Étienne Tétreault-Pinard [Wed, 14 Apr 2021 15:57:55 +0000 (11:57 -0400)]
fix () -> {} typo (#174)
Jacob Quinn [Wed, 14 Apr 2021 14:35:56 +0000 (08:35 -0600)]
Introduce Arrow.ToTimestamp for performant ZonedDateTime encoding (#173)
Fixes #95 by allowing users to wrap `ZonedDateTime` columns in
`Arrow.ToTimestamp`, which will allow the writing process to skip costly
check/conversion by assuming each element has the same timezone;
`ToTimestamp` uses the timezone of the first element.
Jacob Quinn [Tue, 13 Apr 2021 14:56:27 +0000 (08:56 -0600)]
Warn when converting Arrow.Timestamps to Dates.DateTime or ZonedDateTime (#172)
Fixes #166. The problem OP saw in the original issue was that we didn't
have a proper `ArrowTypes.fromarrow` method defined for `Dates.DateTime`
from `Arrow.Timestamp` with nanosecond precision, which is accurate in
one sense because `Dates.DateTime` only supports up to millisecond
precision. But better than just erroring when trying to access these
values later, we now do the conversion anyway, which may be lossy, and
issue a warning about the potentially lossy conversion. If > millisecond
precision is needed, then users should pass `convert=false` and operate
on the `Arrow.Timestamp` values directly for now.
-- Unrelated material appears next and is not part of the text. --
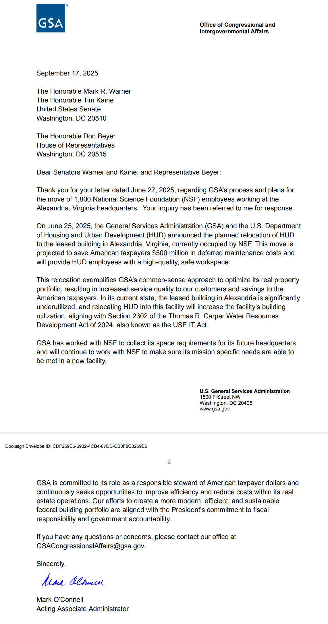Warner, along with Sen. Tim Kaine and Rep. Don Beyer, had requested detailed answers to 19 questions about GSA’s decision-making process, projected costs, coordination with NSF and HUD, and plans for accommodating affected employees.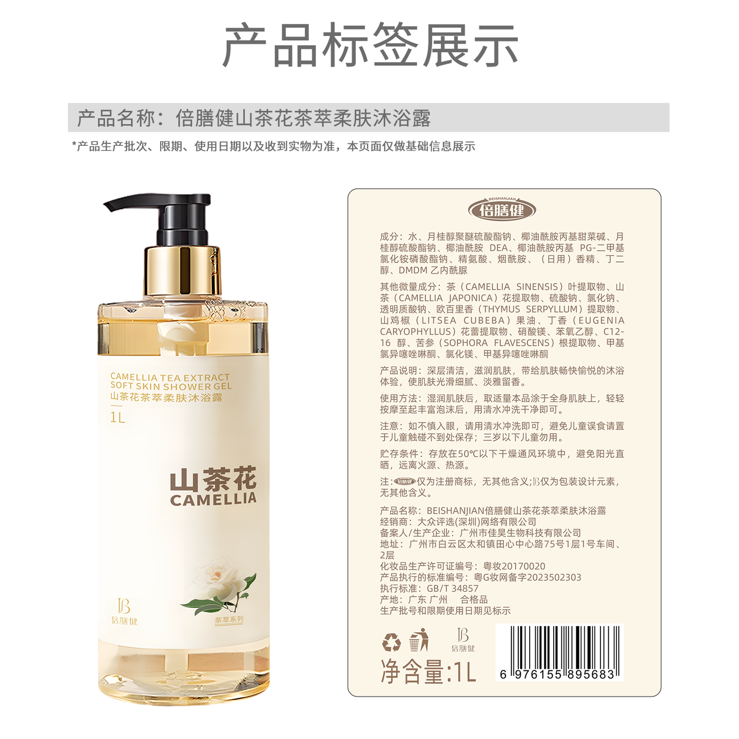 倍膳健山茶花氨基酸沐浴露1L |

Eric Hanson [Tue, 13 Apr 2021 04:21:29 +0000 (05:21 +0100)]
use actual deprecation (#171)
Jarrett Revels [Wed, 7 Apr 2021 05:55:57 +0000 (01:55 -0400)]
add missing setmedata! method for Arrow.Table (#170)
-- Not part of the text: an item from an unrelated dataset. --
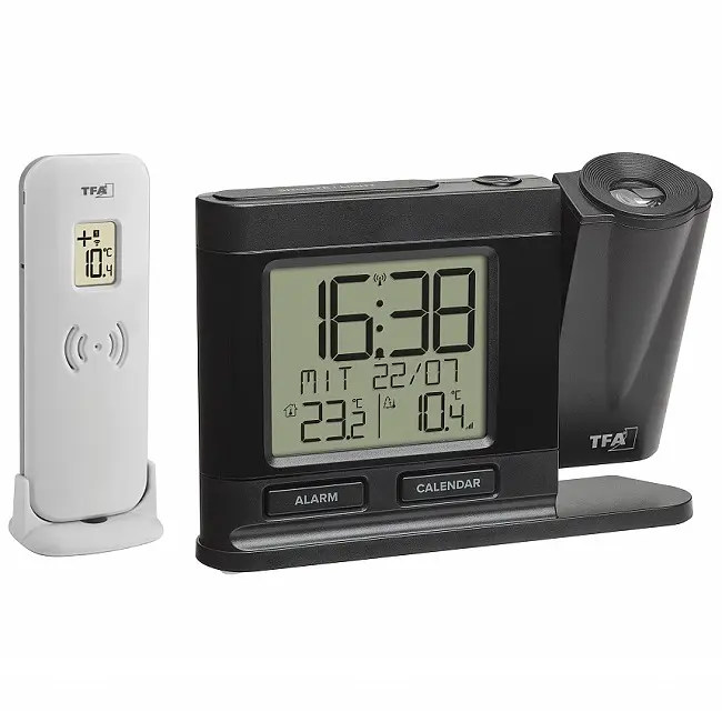 Особенности: Цифровая проекция времени, температуры в помещении или на улице или всех трех опций поочередно на стену или потолок. Индикация времени и дня недели написана полными буквами или сокращена с индикацией даты. Наружная температура через беспроводной датчик (макс. 100 м) и температура в помещении. Радиоуправляемые часы высокой точности. С часовым поясом (-12/+12 часов) и возможностью ручной настройки. Будильник с функцией повтора Подсветка с 4 уровнями яркости и регулируемая функция затемнения. Проекция с двумя уровнями яркости поворачивается на 270°. Языки будней и меню: немецкий, английский, испанский, французский. Адаптер питания в комплекте. Зарегистрированный дизайн TFA. Описание: Просто перевернитесь… Утро было бы таким расслабленным, если бы вам было легче вставать с кровати. Мы не можем вам этого обещать, но постараемся облегчить вам задачу с помощью этого проекционного будильника. По крайней мере, вы можете удобно читать время со стены или потолка вашей комнаты, лежа, и видеть, когда действительно пора вставать. Независимо от того, лучше ли вам одеть теплые носки или шорты, этот радиоуправляемый будильник также предоставит вам эту информацию благодаря небольшому беспроводному датчику, расположенному на открытом воздухе. По желанию он поочередно проецирует температуру в помещении и на улице, а также время на стену или потолок. Дисплей можно поворачивать на 270° и устанавливать два разных уровня яркости. Вы также можете самостоятельно определить интенсивность подсветки дисплея. Четыре уровня яркости и регулируемая функция затемнения делают это возможным. Хотите ли вы, чтобы вас разбудили через секунду или предпочитаете кнопку повтора: благодаря радиоприему радиоуправляемый будильник не имеет себе равных с точки зрения пунктуальности и пробуждает вас в нужное время. Кроме времени, дата и день недели также отображаются в различных избираемых форматах. Комплектация Радиоуправляемые проекционные часы, термодатчик 30.3250.02, адаптер питания, инструкция по эксплуатации. Размеры (ВхШхГ) 104 x 149 х 38 мм (проекционные часы), 129 х 48 х 26 мм (наружный датчик). Питание Батарейки 3 x 1.5 В AАА и адаптер питания (проекционные часы), 2 x 1.5 В AА (наружный датчик). Батареек нет в комплекте, адаптер питания в комплекте. Гарантия 12 мес официальной гарантии от производителя. О TFA Семейная компания TFA Dostmann GmbH & Co.KG производит погодные и измерительные приборы на собственном производственном предприятии в Райгольцхайме (возле Вертгайма, Германия) с 1964 года или производит их по всему миру. Термометры, термогигрометры, барометры и метеостанции теперь дополняются настенными часами, будильниками, таймерами, весами и многими полезными товарами для ежедневного использования. Более 1000 вдохновляющих измерительных приборов - от функциональных до ориентированных на дизайн, от вневременных до современных. TFA Dostmann является одной из ведущих компаний в этой области в Европе. Откройте для себя высококачественные инновационные продукты для всего, что касается погоды, климата в помещении и времени.

Jarrett Revels [Wed, 7 Apr 2021 05:54:16 +0000 (01:54 -0400)]
document guarantee that `getmetadata` returns alias not copy (#169)
Jacob Quinn [Sun, 4 Apr 2021 03:24:10 +0000 (21:24 -0600)]
Don't store table metadata globally (#165)
* Don't store table metadata globally
Fixes #90. There's no need to store table metadata globally when we can
just store it in the Table type itself and overload the `getmetadata`.
This should avoid metadata bloat in the global store.
Jacob Quinn [Fri, 2 Apr 2021 16:47:05 +0000 (10:47 -0600)]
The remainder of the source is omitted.